● RECORDS PROVIDED
====

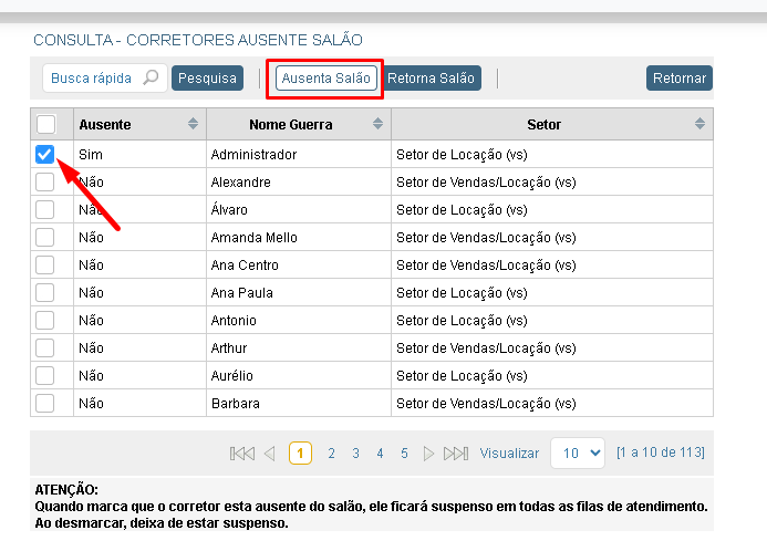 Com essa função ativa, será disponibilizado o botão ‘Ausência Salão’ na recepção, permitindo ausentar um corretor que não esteja presente na imobiliária. Ao ser ausentado, o corretor será suspenso de todas as filas de plantão, e os novos leads serão direcionados aos demais corretores da fila, mesmo quando o envio estiver configurado para o opcionista principal.
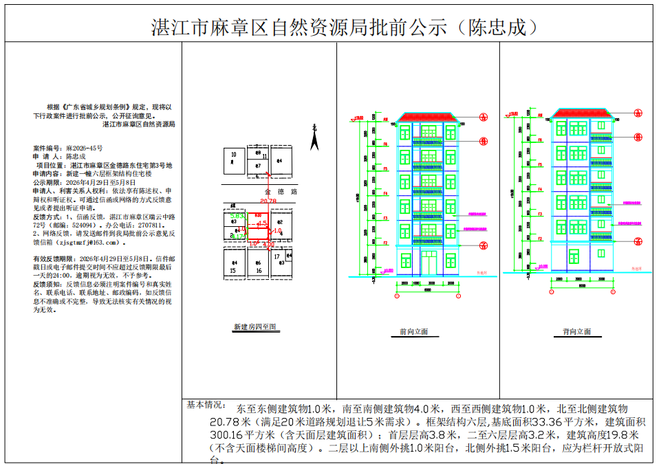 (陈忠成)核发一幢框架结构六层住宅楼《建设工程规划许可证》批前公示
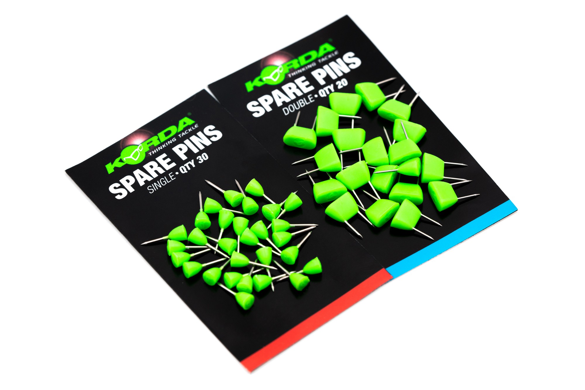 • Al onze RigSaves worden geleverd met bijbehorende pinnen die zijn ontworpen om uw voorgemonteerde rigs op hun plaats te houden. Mocht u ze verliezen of meer nodig hebben, dan kunt u ze apart aanschaffen. De enkele pinnen zijn bedoeld om uw haaklinkdraaikraal of lus stevig vast te zetten op de hoogdichtheidsschuimborden in de RigSaves. Soms wilt u uw rigs afmaken en ze op de juiste lengte knopen zodra u op de locatie aankomt. De dubbele pinnen zijn speciaal voor dit doel ontworpen en zijn handig als u langere haaklinks gebruikt die moeten worden samengevouwen om op de schuimborden te passen. De bovenkant van de pinnen is zo ontworpen dat ze zeer gemakkelijk te grijpen zijn. Elk pakket bevat 30 enkele pinnen of 20 dubbele pinnen.
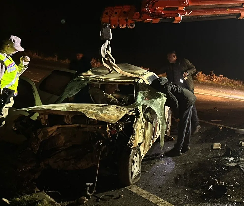 Kazada hurdaya dönen otomobil, vinç yardımıyla bölgeden kaldırıldı.
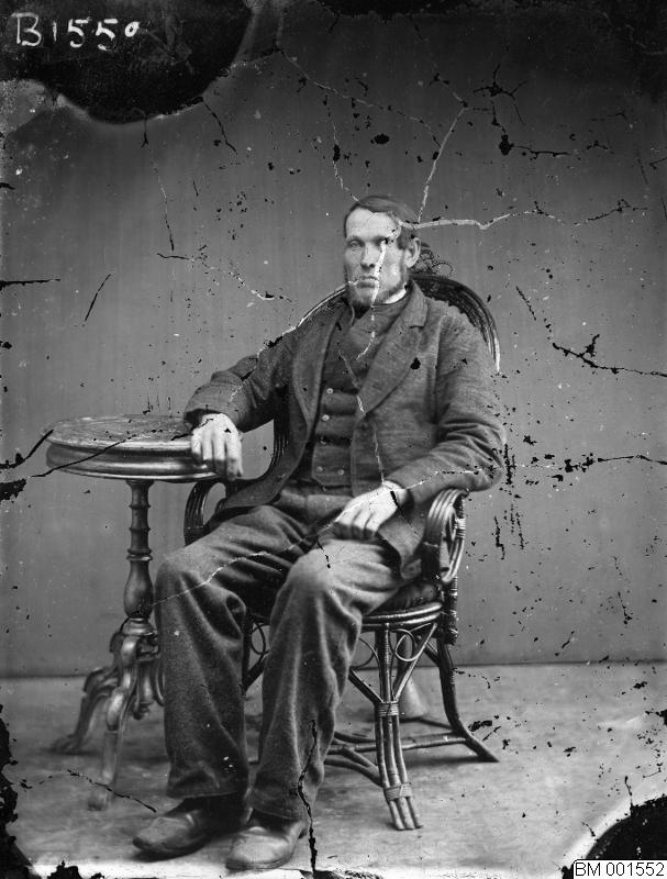 Plåtsamling från Ängelholmsfotograf. Porträtt. Sittande herrar. Helfigur. Man i kostym.
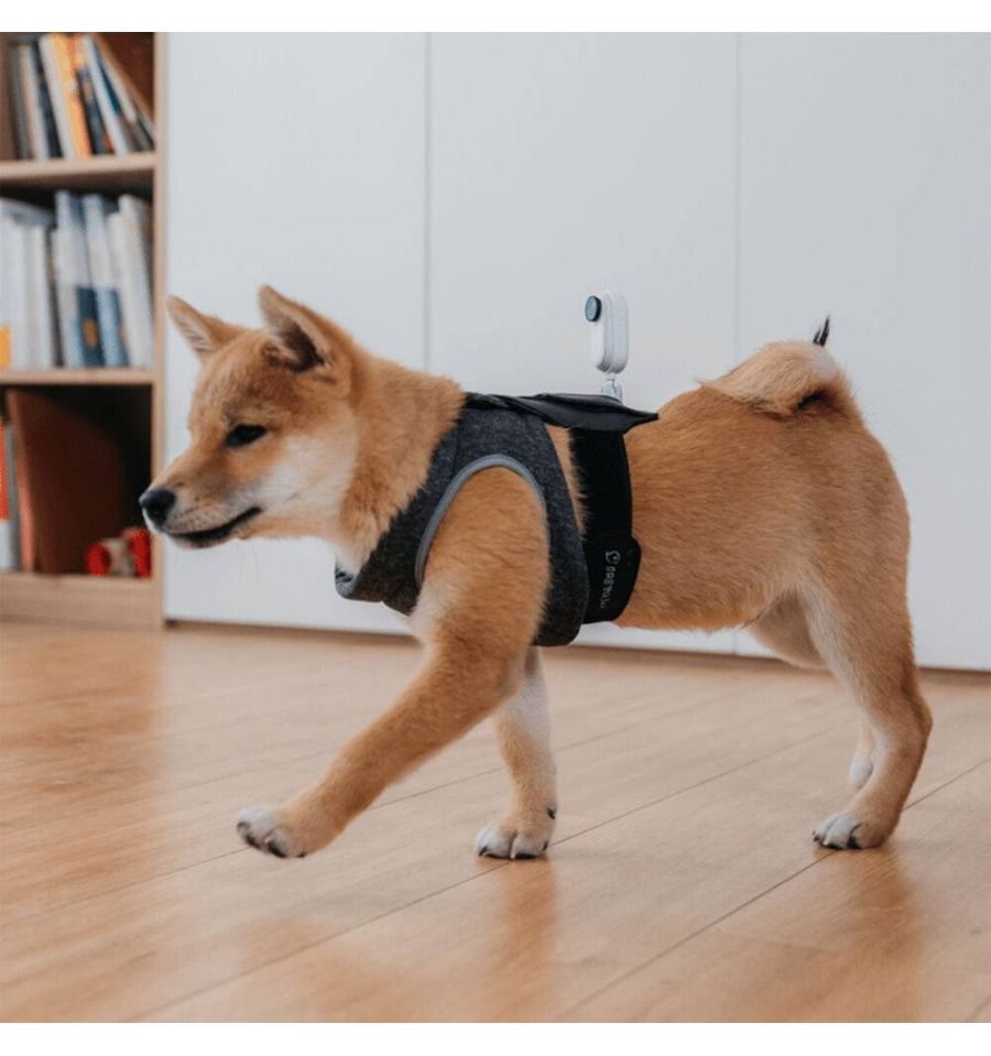 La correa para mascotas es ajustable entre 13.8 y 17.7 "para adaptarse a la mayoría de las mascotas y se asegura fácilmente en la parte superior con cierres de gancho y bucle. Insta360 recomienda ponérsela sobre el arnés o la ropa de su mascota para disparar con mayor estabilidad.
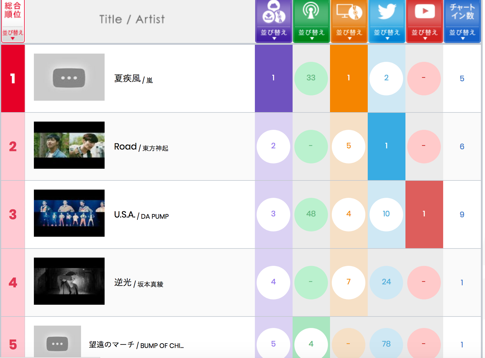 CDのパッケージセールスだけではなく、動画の再生回数、Twitterでつぶやかれた数。ルックアップと言って、CDがパソコンに取り込まれた回数など、あらゆる角度からチャートを分析して、オリジナルのチャートを生み出している、ビルボードジャパンチャート。
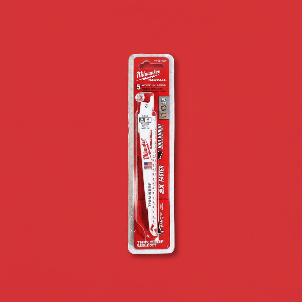 The Milwaukee 5 Pieces 6'' x 5 TPI Sawzall Blade is engineered for fast, aggressive cutting through wood with nails, metal, and other tough materials. Designed for professional demolition and construction use, each blade provides exceptional durability, precision, and cutting speed. Its optimized tooth geometry ensures smoother operation and longer blade life, making it a reliable choice for demanding jobs.
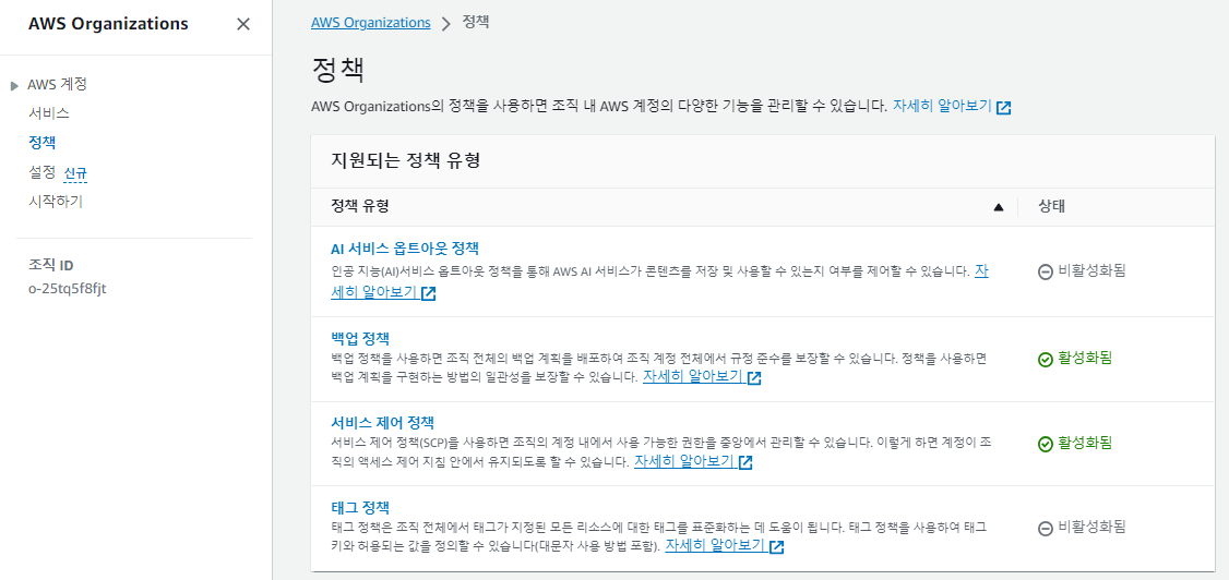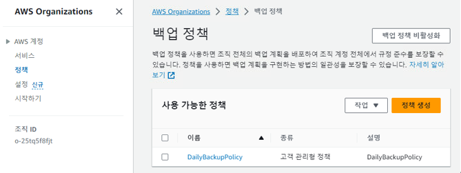 - 아래와 같이 Organization - 정책 - 백업 정책을 활성화해줍니다.
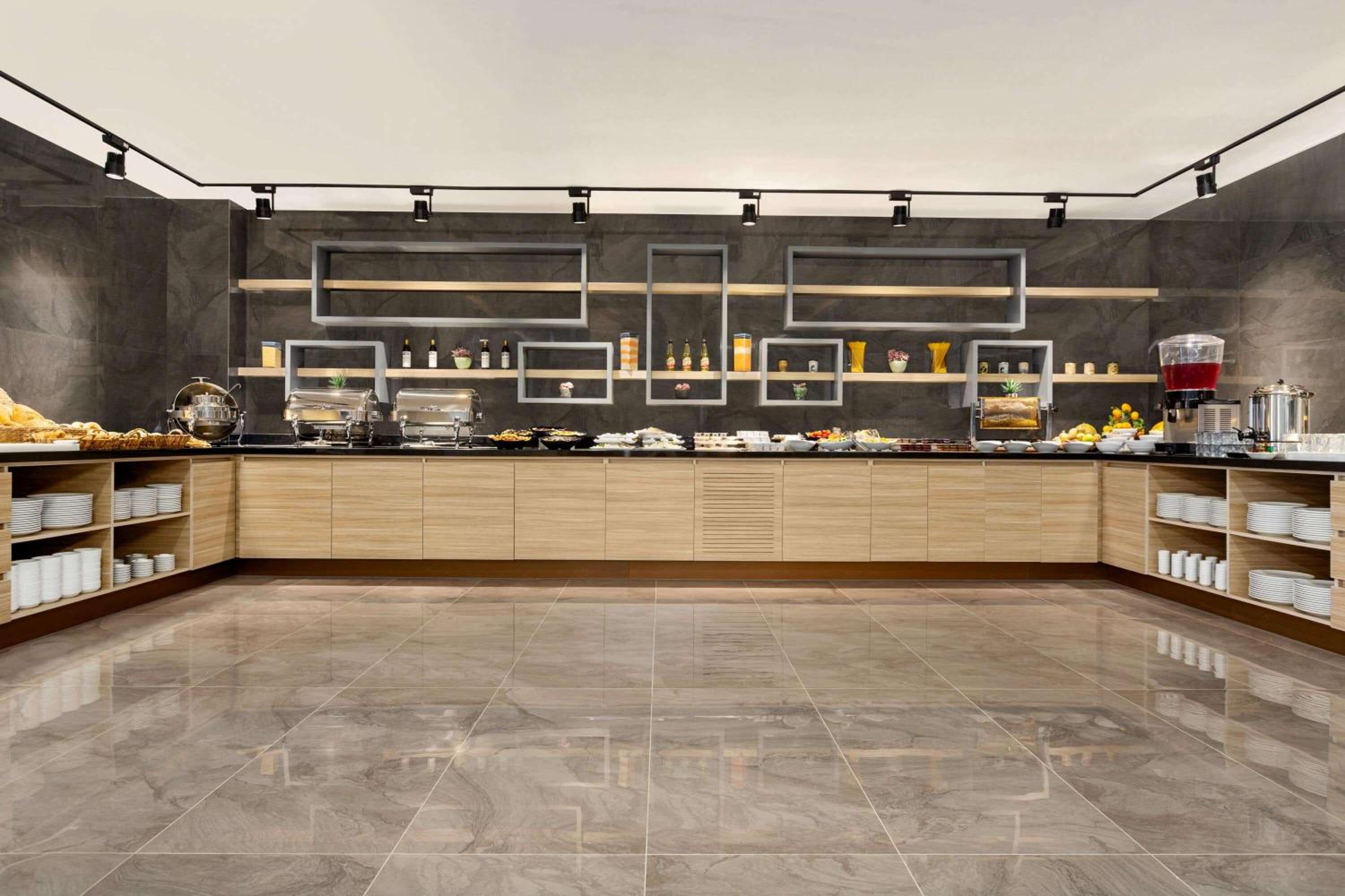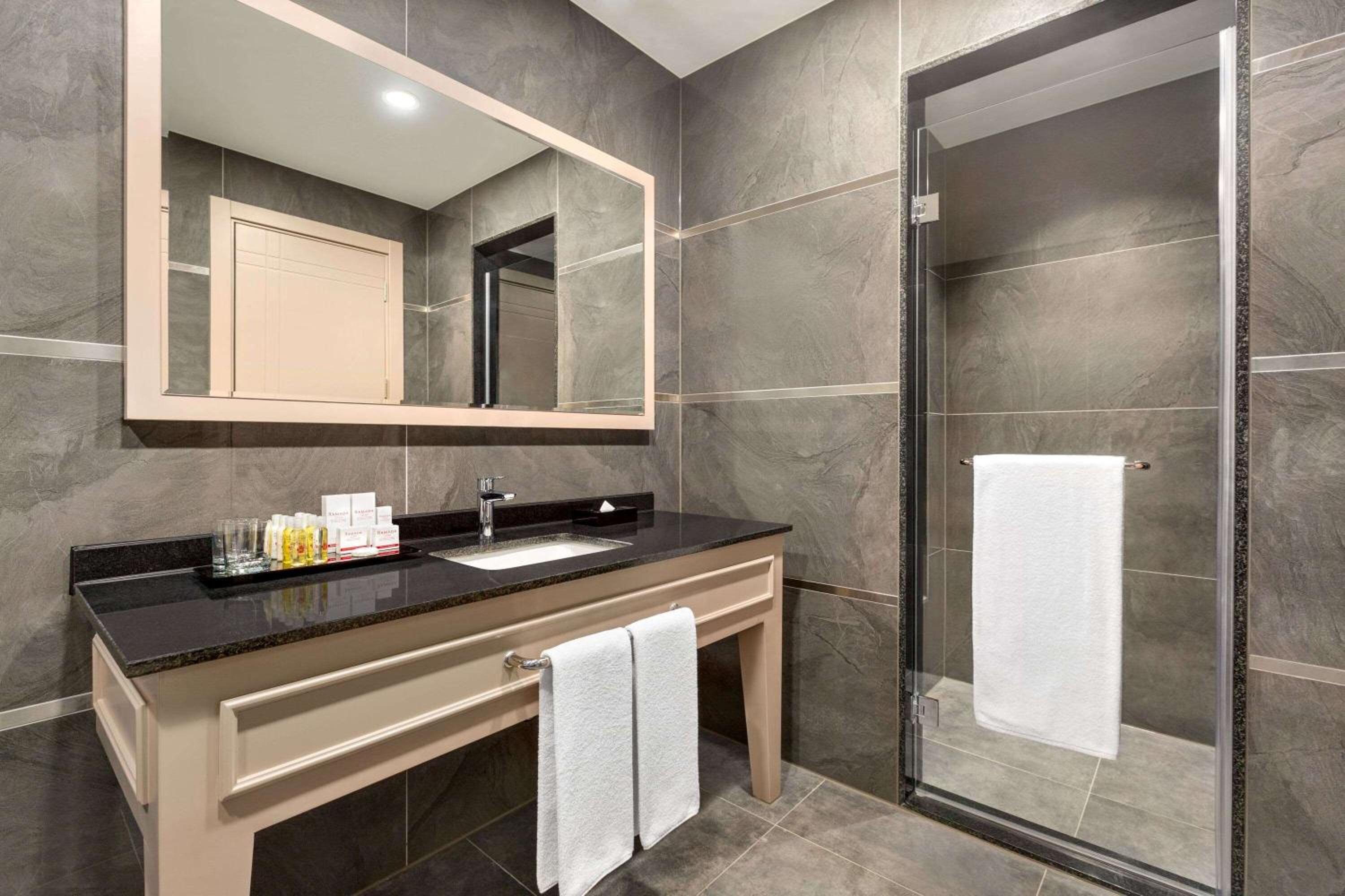 The hotel was a very high standard as expected from a Ramada hotel - very clean throughout and the reception staff were very nice and helpful - .their English was not fluent but we managed with translation apps. There was a nice sitting area in the huge lobby and additional seating in a small outside covered terrace area. The breakfast was included and was very nice. There were a number of good restaurants (and a nice McDonalds!) next to the hotel. The air-conditioning throughout the hotel was perfect - important as it was extremely hot outside when we visited in late August.

====

● WORK REQUEST
This task calls for the lines from the line containing "- 아래와 같이 Organization - 정책 - 백업 정책을 활성화해줍니다." through the end of the listing, set down exactly and only, with pictures omitted.

● RESULT BELOW
 - 아래와 같이 Organization - 정책 - 백업 정책을 활성화해줍니다.
 The hotel was a very high standard as expected from a Ramada hotel - very clean throughout and the reception staff were very nice and helpful - .their English was not fluent but we managed with translation apps. There was a nice sitting area in the huge lobby and additional seating in a small outside covered terrace area. The breakfast was included and was very nice. There were a number of good restaurants (and a nice McDonalds!) next to the hotel. The air-conditioning throughout the hotel was perfect - important as it was extremely hot outside when we visited in late August.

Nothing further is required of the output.